-------- Exercise data --------

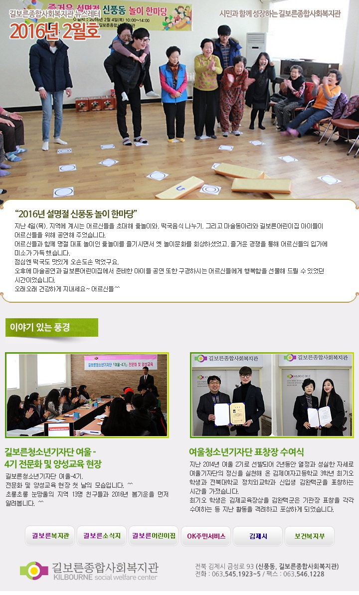 2016년 02월호 페이지 정보 작성자 관리자 댓글 0건 조회 4,045회 작성일 16-04-28 10:57 본문 . 관련링크 http://www.kilbo.or.kr/mail/mail_1602.html 3475회 연결 목록 이전글2016년 03월호 16.04.28 다음글2016년 01월호 16.04.28
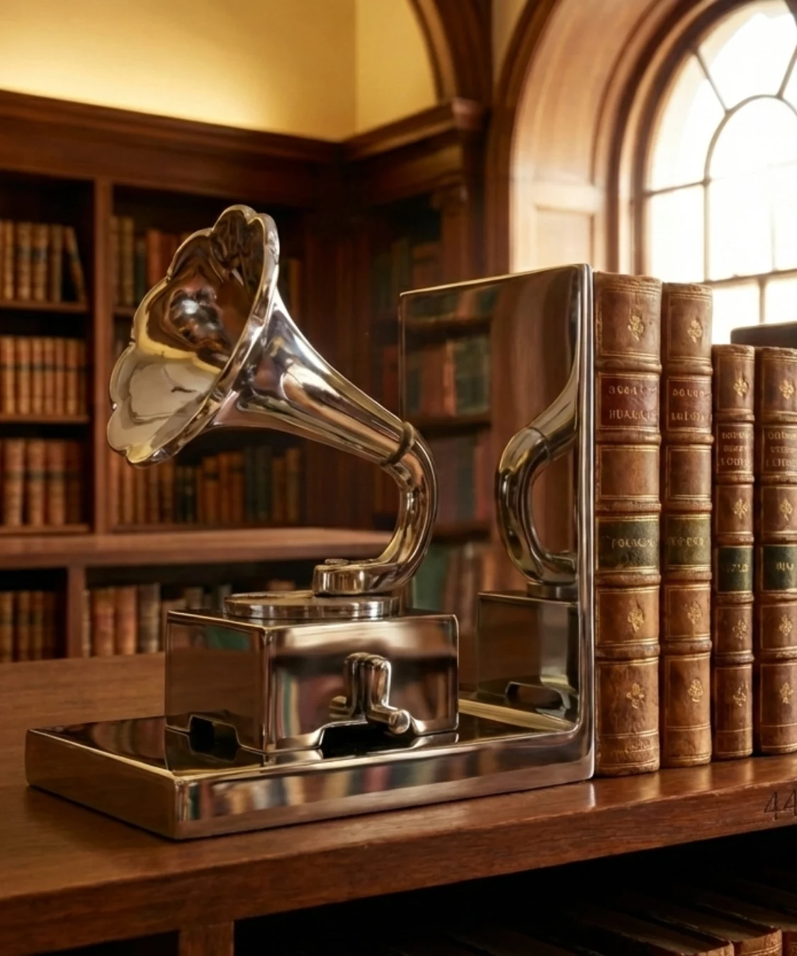 Blending vintage inspiration with refined metal craftsmanship, these gramophone style bookends bring a timeless charm to any bookshelf. The polished finish and detailed base create a striking contrast against classic hardbound books, making them both functional and decorative. Designed for stability and long term use, they keep your collection neatly supported while adding character to study rooms, libraries, or office spaces. A distinctive accent piece for those who appreciate heritage style with a modern touch.
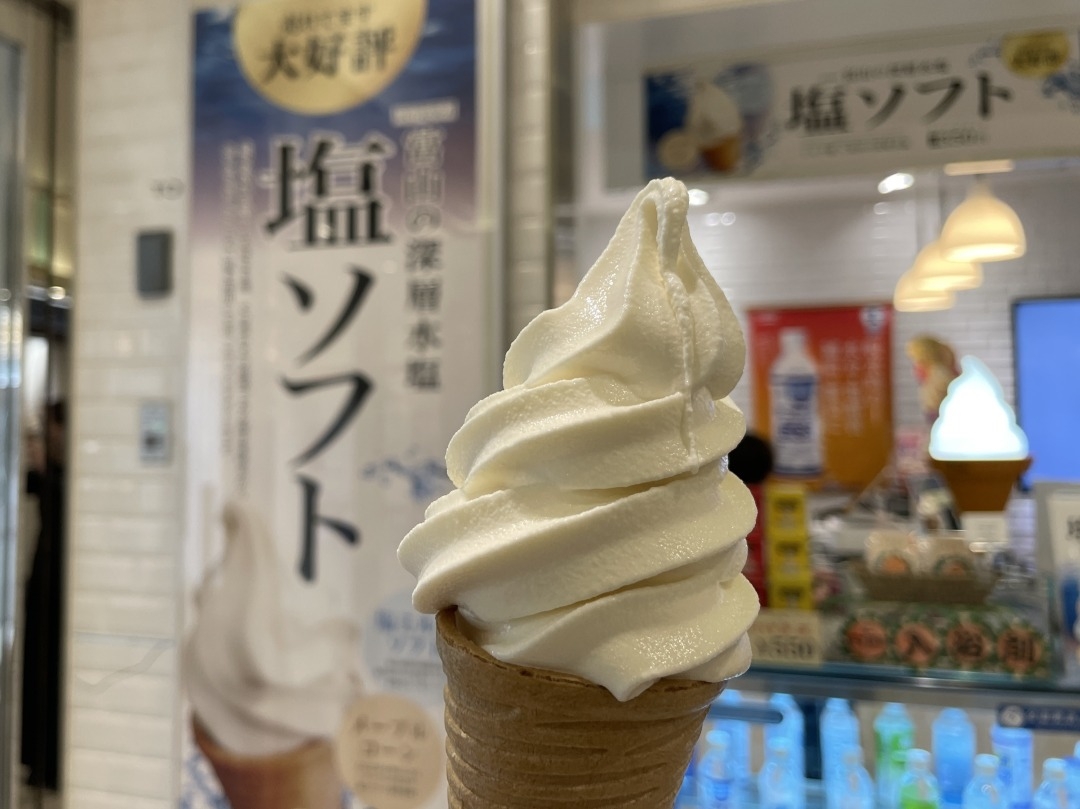 こんにちは、とやまめぐり編集部の曽我です。今回ご紹介するのは富山駅前の「とやマルシェ」に入ってすぐ左側にある「GOSHU」の「塩ソフトクリーム」です。
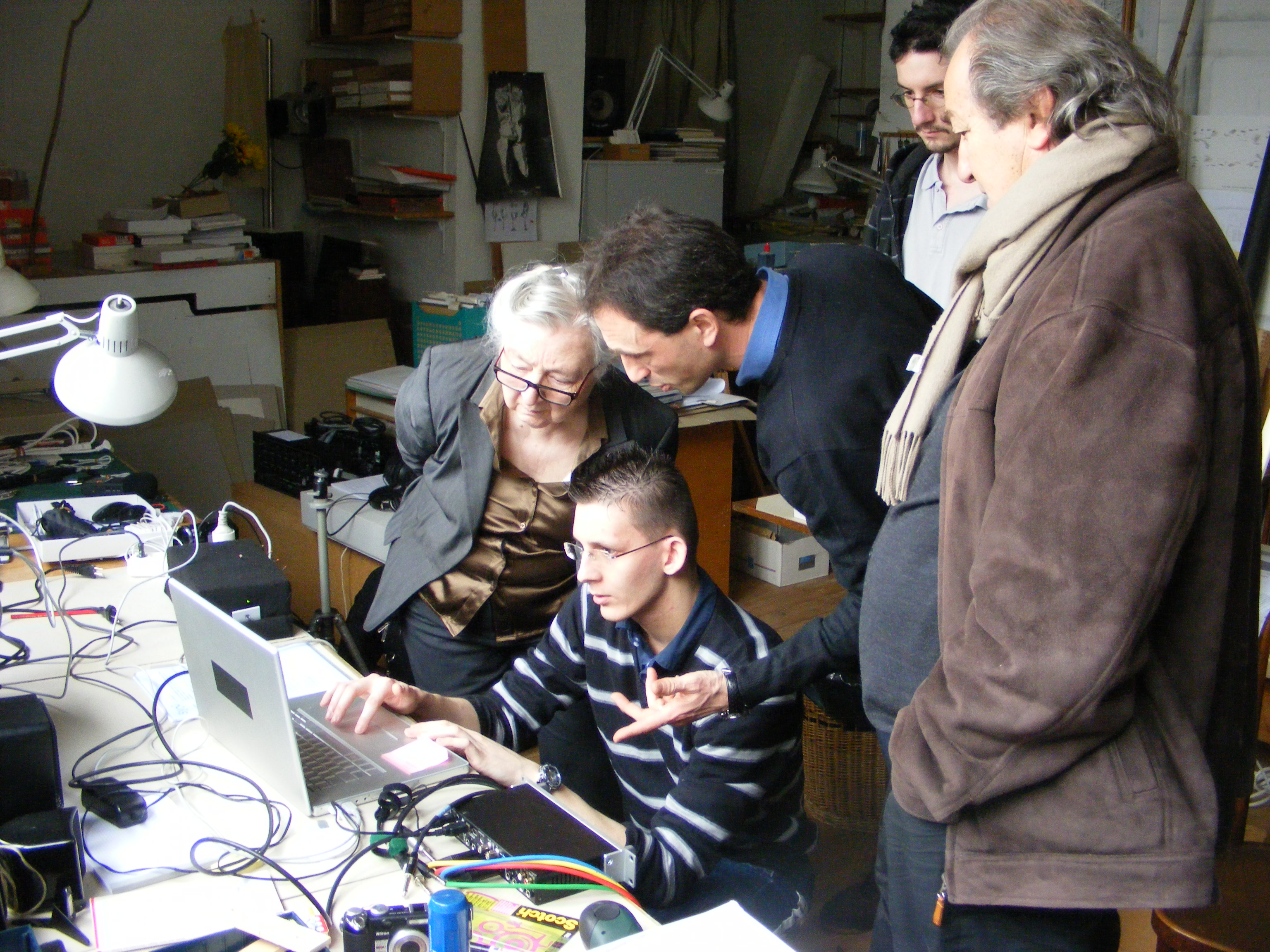 Au studio de dessin, le SYHAMO est à nouveau là, toujours aussi impressionnant (notamment pour Camille Henriot et Jean-François Charles, qui le découvrent pour la première fois). Rapidement, nous installons son "petit fils" et, après quelques tracas avec le dispositif sonore du studio, nous pouvons présenter plusieurs de nos compositions devant Oscar et Janine. C'est avec plaisir que nous constatons leur satisfaction et répondons à leurs nombreuses questions.

--------

_About this exercise_: Beginning with the line that contains "Blending vintage inspiration" and ending with the line that contains "こんにちは、とやまめぐり編集", reproduce the listing exactly, pictures excluded.

_Solution_:
 Blending vintage inspiration with refined metal craftsmanship, these gramophone style bookends bring a timeless charm to any bookshelf. The polished finish and detailed base create a striking contrast against classic hardbound books, making them both functional and decorative. Designed for stability and long term use, they keep your collection neatly supported while adding character to study rooms, libraries, or office spaces. A distinctive accent piece for those who appreciate heritage style with a modern touch.
 こんにちは、とやまめぐり編集部の曽我です。今回ご紹介するのは富山駅前の「とやマルシェ」に入ってすぐ左側にある「GOSHU」の「塩ソフトクリーム」です。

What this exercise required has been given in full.